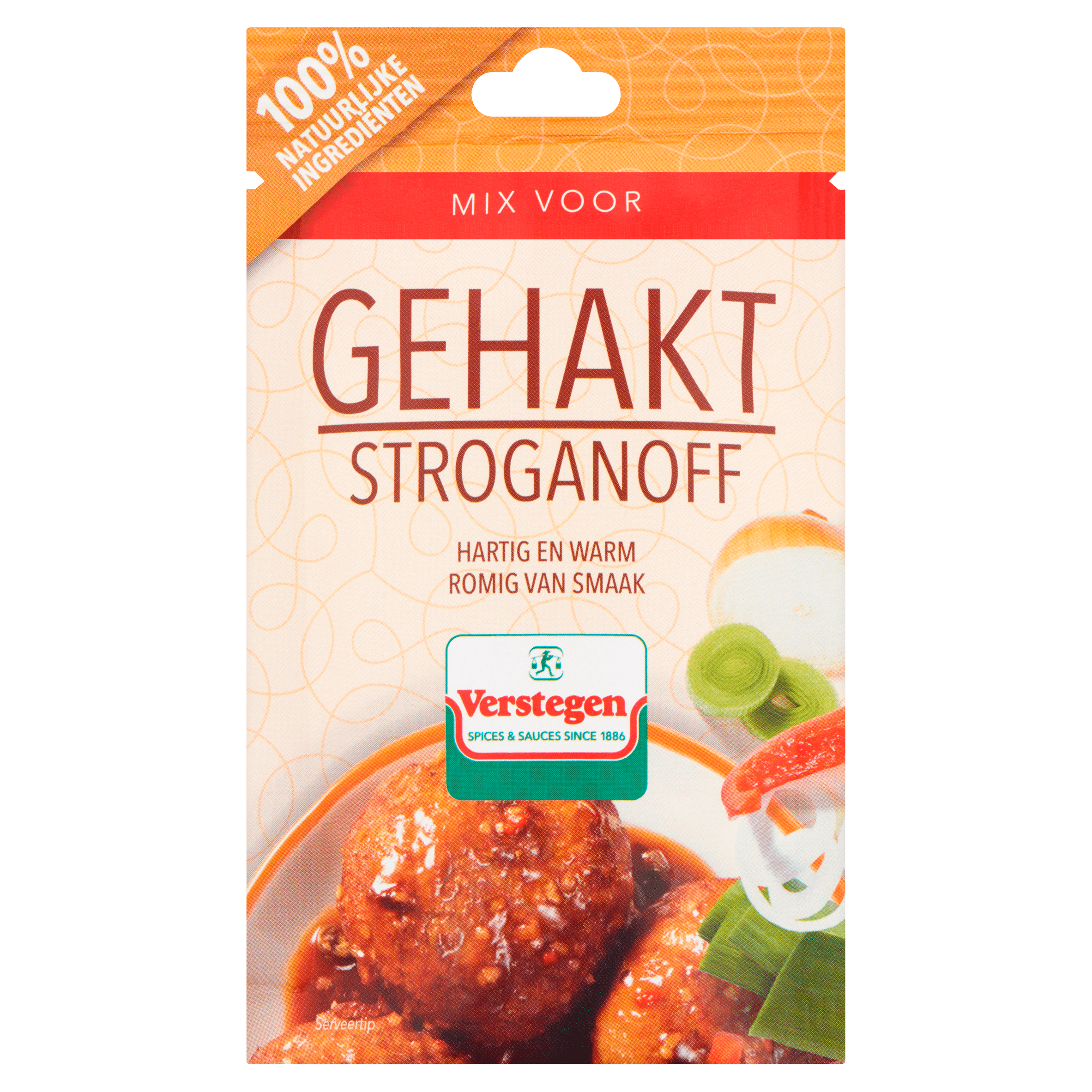 Geef je gerechten een heerlijke smaak met de Verstegen Mix voor gehakt stroganoff. Deze smaakvolle mix is perfect voor het bereiden van authentieke gehaktballen, ideaal voor 4 personen. Meng de mix met 500 g gehakt en eventueel een ei, en bak de ballen in slechts 20 Ã 25 minuten tot ze mooi bruin en gaar zijn. Bewaar de mix op een koele, droge en donkere plek voor optimale versheid.
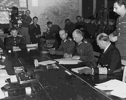 - ↑ Video: Beaten Nazis Sign Historic Surrender, 1945/05/14 (1945). Universal Newsreel. 1945. Consultado el 20 de febrero de 2012.
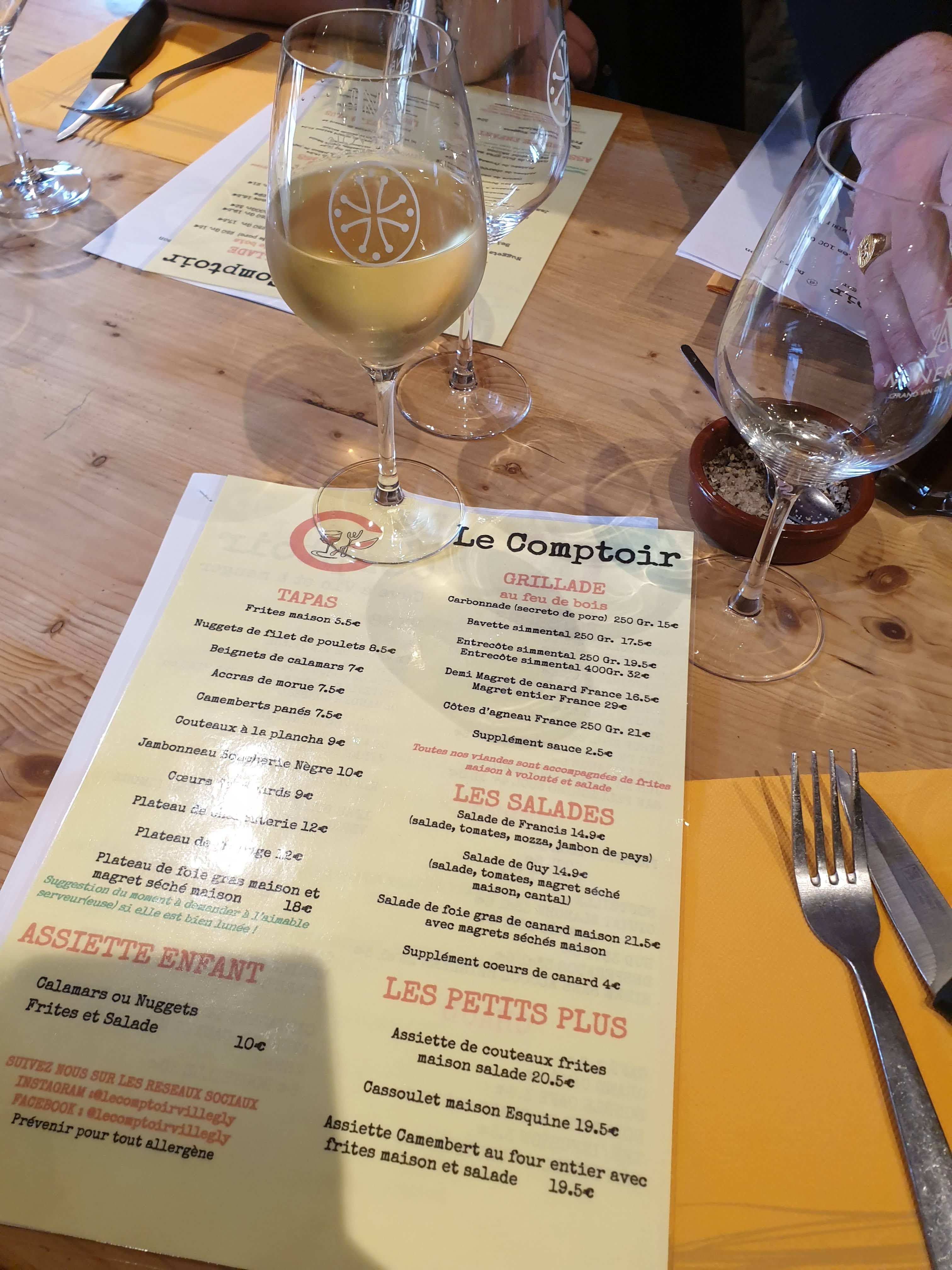 Le comptoir est un lieu symphatique et conviviale de bon tapas a deguster aussi de bonne bouteille a deguster avec moderation bien sûr De bon petit plat frite maison On a passé un agréable moment a refaire avec plaisirs
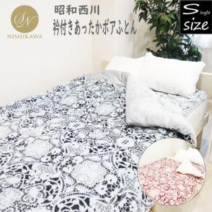 昭和西川 衿付きあったかボアふとん 掛布団 わた入り毛布 シングルサイズ nishikawa ブルージュ

Exercise requirements: Transcribe exactly the line that contains "- ↑ Video: Beaten" and each line after it through the end of the listing. Leave out the pictures.

Response below:
 - ↑ Video: Beaten Nazis Sign Historic Surrender, 1945/05/14 (1945). Universal Newsreel. 1945. Consultado el 20 de febrero de 2012.
 Le comptoir est un lieu symphatique et conviviale de bon tapas a deguster aussi de bonne bouteille a deguster avec moderation bien sûr De bon petit plat frite maison On a passé un agréable moment a refaire avec plaisirs
 昭和西川 衿付きあったかボアふとん 掛布団 わた入り毛布 シングルサイズ nishikawa ブルージュ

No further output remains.